PNP and NPN refer to the transistor types providing the output voltage. The main difference between these two transistors is the direction of current. In the PNP sensor configuration, the wire providing the output signal will supply a positive outgoing current when energized. This is exactly what the sinking input modules require to function properly.
Sensor polarities are not always labeled directly on the device, but wiring diagrams are usually found on the body somewhere. A PNP sensor is recognized by the label attached to the signal wire (usually the black wire). It will indicate a + voltage, either by giving a direct + notation, or by showing a rectangular ‘load’ that also connects to the - line. If the sensor provides the + signal, then the input module must provide the opposite negative connection.
The diagrams below show a couple of actual examples of a PNP sensor wiring diagram. Notice in both cases, the black wire is connected to a rectangular 'load', the other side of which connects to the - signal line.
Figure 1. PNP sensor wiring diagram as found in a datasheet.
Figure 2. PNP sensor wiring diagram directly printed on the back of a sensor. Image used courtesy of Control Automation
The NPN sensor will provide a direct path to receive current from the output signal wire directly to the negative power supply terminal when energized.
The wiring label for the NPN scheme shows a load device (the same rectangle as before) connected to both the sensor signal wire, as well as to the + supply line. This should illustrate the constant positive supply from the input module, allowing the sensor to provide the path to the negative supply.
The diagram below shows an NPN wiring schematic. Notice how it is very similar to the previous example, but the rectangular load is connected to the black signal wire and the + supply line.
Figure 3. NPN sensor wiring diagram as found in a datasheet.
What Happens if You Reverse the Wiring?
Remember before, we said that PNP must be used with sinking modules, and NPN must be used with sourcing modules? What happens if you connect the wrong combination?
One tricky concept regarding sensors is that it would seem that these two sensors are simply the opposite of each other. The voltage seems to swap between high and low for both sensors.

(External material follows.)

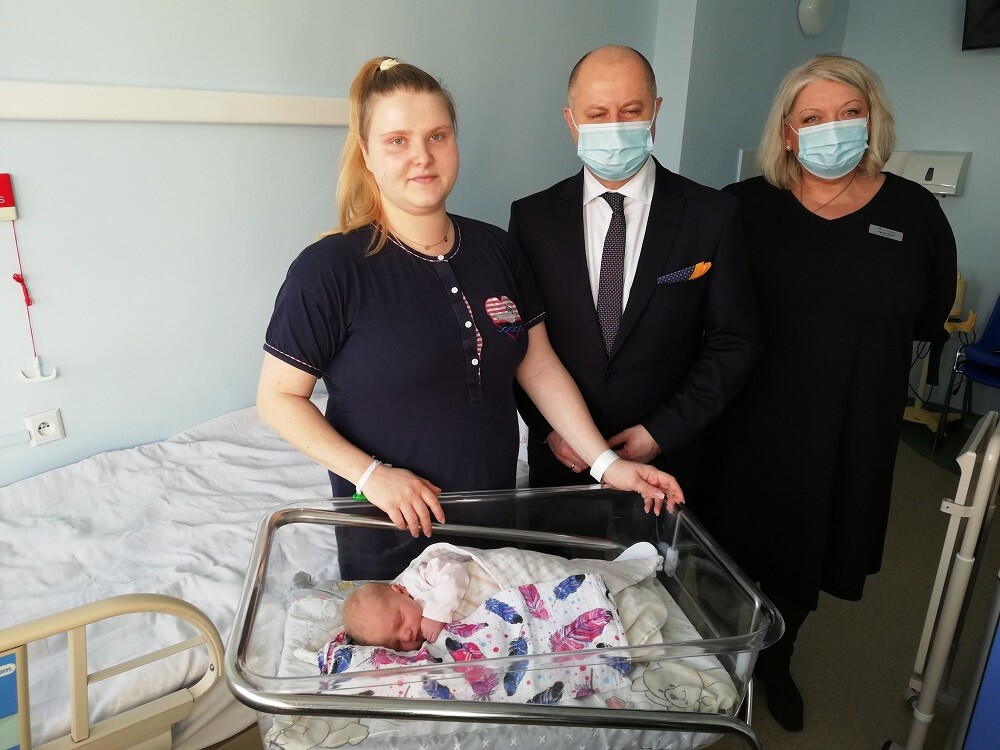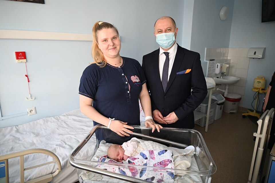 Noworodka i jego mamę odwiedził dzisiaj w szpitalu Michał Pierończyk - Prezydent Rudy Śląskiej.

This is not the case.
Because they are built with transistors, which use diodes, current will only flow when energized, and it will only flow in one direction for each sensor. This means that you cannot connect a PNP sensor to a sourcing input and expect a simple reversal of on/off states. It will simply not work at all.
To explain this fact, when a PNP sensor is energized, it provides a positive 24 volt signal to the input module on the controller. But, if the module is providing the same positive voltage back against the sensor, no current will flow at all when the sensor is energized.
Then, when the sensor is de-energized, the transistor blocks the flow of current in either direction, so no current will flow at all.
As you can see from both of these cases, this sensor would simply never energize the input. But the good news is that it will not damage the input, so if you make this mistake, it may cause the machine to not operate correctly, but you didn’t cause extra damage to the module or the sensor.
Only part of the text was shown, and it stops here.